# [SOLVED] Windows Explorer keeps locking up



## turbost2 (Feb 21, 2008)

My Windows Explorer seems to keep locking up on me. While I'm doing just about anything from playing a game or browsing the internet I'll go over to my task bar to change window or start new program and the task bar will be completely unresponsive. I also can't click on any shortcuts or icons on the desktop. Sometimes if I click or right-click a shortcut I'll get the little circle busy pointer and it won't go away and desktop will become unresponsive. I have to alt+ctrl+del and start task manager and end explorer process and then re-start explorer to get my desktop and task bar back to be responsive.
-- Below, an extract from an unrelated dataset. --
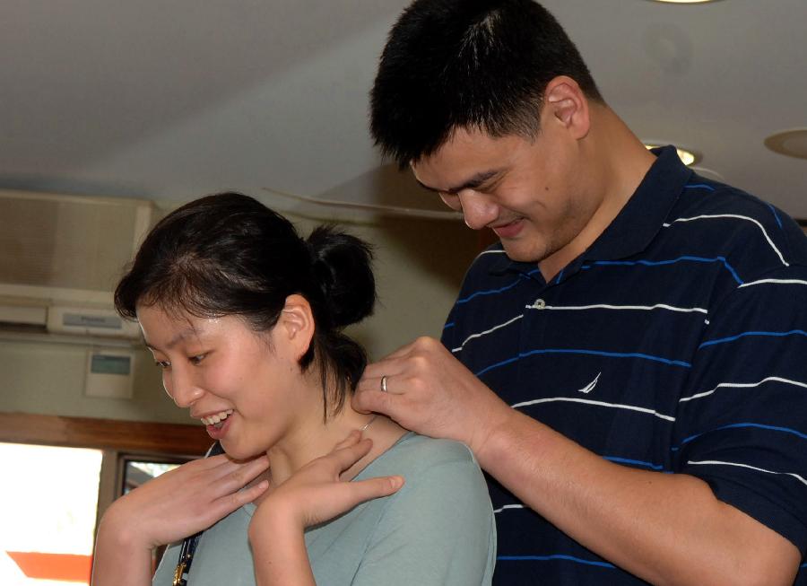 10月1日,姚明(右)在为夫人叶莉戴上为她新购买的项链。当日,姚明利用在澳大利亚西澳州布鲁姆市出席凯布尔沙滩篮球邀请赛的机会偕夫人叶莉到布鲁姆市郊区休闲购物,姚明这次是以上海大鲨鱼篮球俱乐部老板的身份率队前来澳大利亚参加凯布尔沙滩篮球邀请赛。新华社记者江亚平摄

This just started a few hours ago and has locked up about a dozen or so times. I have up-to-date virus definitions from Norton Symantec and I have run a full system scan only to find a couple tracking cookies that I removed. Other than that says system clean. Not sure where to go from here.

Specs:
Windows Vista Home Premium (32b) w/ Service Pack 1
Intel Q9300 @ 2.50ghz
2gb RAM
NVIDIA Geforce 8800 GTX


----------



## turbost2 (Feb 21, 2008)

*Re: Windows Explorer keeps locking up*

Can anyone offer any help? It seems to just be getting worse. Programs and windows are constantly getting "not responding". Even windows that are open take really long to switch between. If I try to click or right click on anything it takes way to long to load and my task bar/start menu is still locking up.


----------



## Slapshot (Feb 3, 2008)

*Re: Windows Explorer keeps locking up*

Happened to me before, anything I'd click on becomes irresponsive. A system restore in safe mode should do the trick.


----------



## jcgriff2 (Sep 30, 2007)

*Re: Windows Explorer keeps locking up*

Hi turbost2. . .

As slapshot mentioned, a system restore would be a good option assuming the issue with apps hanging began recently and you have a restore point available prior to these events beginning.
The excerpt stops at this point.